= Willis' Singapore Guide =

Singaporean tourist guidebook

Willis' Singapore Guide, also titled Willis' Guide to Singapore, was a tourist guidebook targeted at sailors visiting Singapore. First published in 1934, it was written by A. C. Willis of the Marine Hostel in Singapore.

==Content==
The guide began with a brief historical prelude. It included information useful to the average visiting sailor, such as exchange rates, bank locations, the process of berthing, a listing of Indian money changers, a listing of hotels and recommendations for boarding houses. Additionally, the guide also included many food recommendations, with an entire chapter dedicated to the Satay Club on Beach Road. Also included was advice on navigating traffic.

In the guidebook, Willis advised visitors to travel by the local trolleybus system instead of using rental cars or taxis as taking the trolley buses were much cheaper. Included in the guidebook was a planned route for sightseeing. In another chapter, Willis described the local industries, as well as local inventions. This included the solo-air system. The guide also covered the cities of Johor and Malacca. Four sketch maps depicting various parts of Singapore were included, highlighting several locations of interest to the average visiting seaman.

The 1938 edition of the guidebook extended its coverage to most parts of Malaya that tourists were likely to visit and included an entire chapter on Hong Kong.

==History==
Willis' Singapore Guide was first published in April 1934, with its first edition going on sale for 40 cents a copy on 1 June. Its second edition was published in July and its third was published in September. The fifth edition of the guide was published in February 1935, enlarging the guide to 74 pages. It also contained a portrait of Sir Shenton Thomas, who was then the Governor of the Straits Settlements, with special permission. The guide's agent was the Malaya Publishing House. The sixth edition was published in January 1936 and cost one dollar per copy.

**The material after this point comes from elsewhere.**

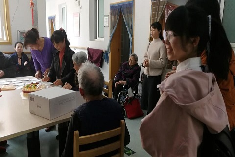 当日还正值几位老人的大寿,趁着阿姨们给老人切蛋糕的空隙,志愿者们自发地给老人唱起了生日快乐歌,并在歌曲唱完之后给老人送上最诚挚的祝福。

A reviewer from The Malaya Tribune found the guide to be "genuine value for money and worth anyone's while to keep handy on desk or bookshelf." The reviewer also stated that the book "promises to become the standard guide on Singapore." A reviewer from The Straits Times wrote: "I should say that it is just the sort of book that a tourist wants when he sets out to do sightseeing, and the only improvement that might be made is the provision of a much more detailed index."

A reviewer from The Straits Budget wrote that the 1937 edition "contains an astonishing amount of information about our city, so much indeed that it is likely to provide ship-board reading for several days after the tourist has left Singapore behind." The 1938 edition was printed in Hong Kong. In April 1949, 5,000 copies of an up-to-date edition of the guidebook were distributed to visiting seamen for free.

The guidebook was written by A. C. Willis, who served as the Steward and later as the Assistant Superintendent of the Marine Hostel on Anson Road. He frequently took visiting sailors on tours around Singapore. His tours would sometimes go beyond Singapore to Johor, Kota Tinggi and the Pelepah Valley.